I got a lot of support around this on the Romantic Feelings Toward My Therapist section of this site, BTW. What you may encounter over there is an ongoing discussion about whether or not to call the thing transference.

Some people feel the term is pseudo-scientific, imprecise. Others think it's too cold, that it minimizes your feelings.

I heard over and over again, "Transference is just a fancy word for being in love."

Maybe so!

If transference means that we project unfulfilled needs and longings onto another person, then transference is something that infuses most of our relationships in the "real" world. So it's something the mind just does apparently. No shame, no blame!

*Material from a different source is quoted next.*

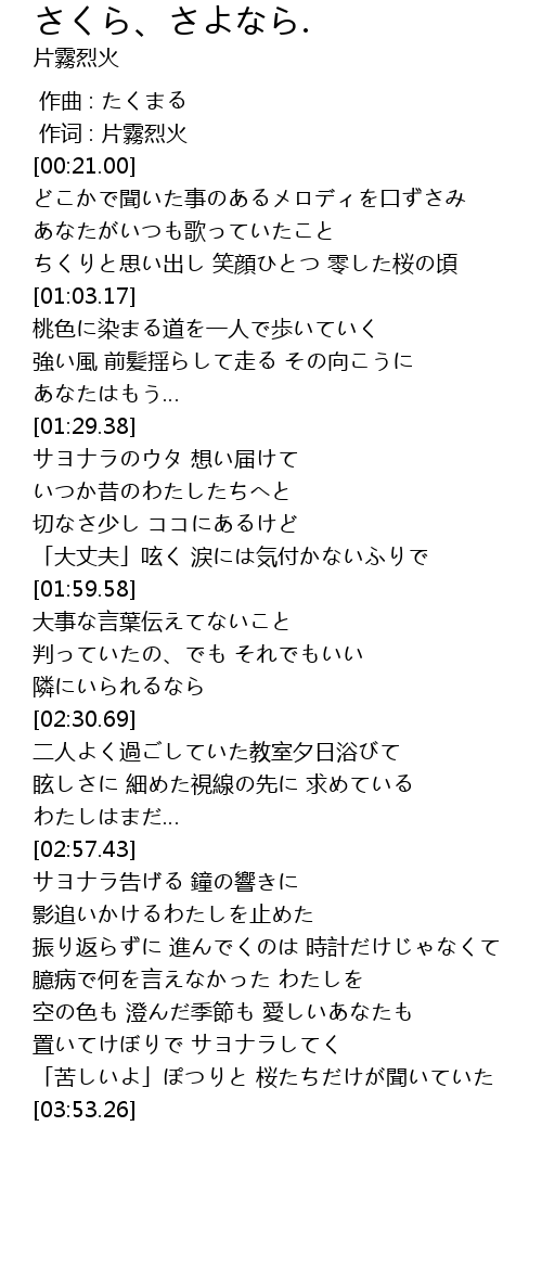 | [03:42.96] | 「苦しいよ」ぽつりと 桜たちだけが聞いていた |

The therapeutic encounter is uniquely apt to create this transference stuff I think. Often a therapist is seeking to create exactly this response, on the assumption that it's a critical part of the work. So the therapist guards his or her identity, remains opaque, so that the transference can "take" more or less effortlessly. And then the two of you get to explore together what your feelings mean.

Of course, it's not a game or an academic exercise. That's why therapy is so potentially dangerous. It's painful to be obsessed with your therapist. It's a terrible thing to have your primary relationship be with a person who can't return your affection. The situation is fraught with emotional danger. What's being created, essentially, is a situation where you become a lover whose feelings are not requited. And it's supposed to be that way. And it hurts like hell.

At one point I got really angry with my T for not doing more to help me fall out of love with him. He kept saying, with a sort of exasperated sigh, "Relax, it's part of the process." But he wasn't going through it! He didn't feel my pain! I told him I felt like I was on a conveyor belt, like a cow on the track to slaughter. I said, "It's a humane form of slaughter, maybe, but it IS slaughter." That's how it feels!

So you're right to be wary.

My therapist didn't like the term transference, but I used it as a handy short-cut in session. It sounds scientific, so it takes some of the humiliation out of it when you refer to it. It was so embarassing to describe my erotic fantasies around my T, to him. But he thought it was important to do that.

Sorry this was so rambly. Good luck, and trust your T!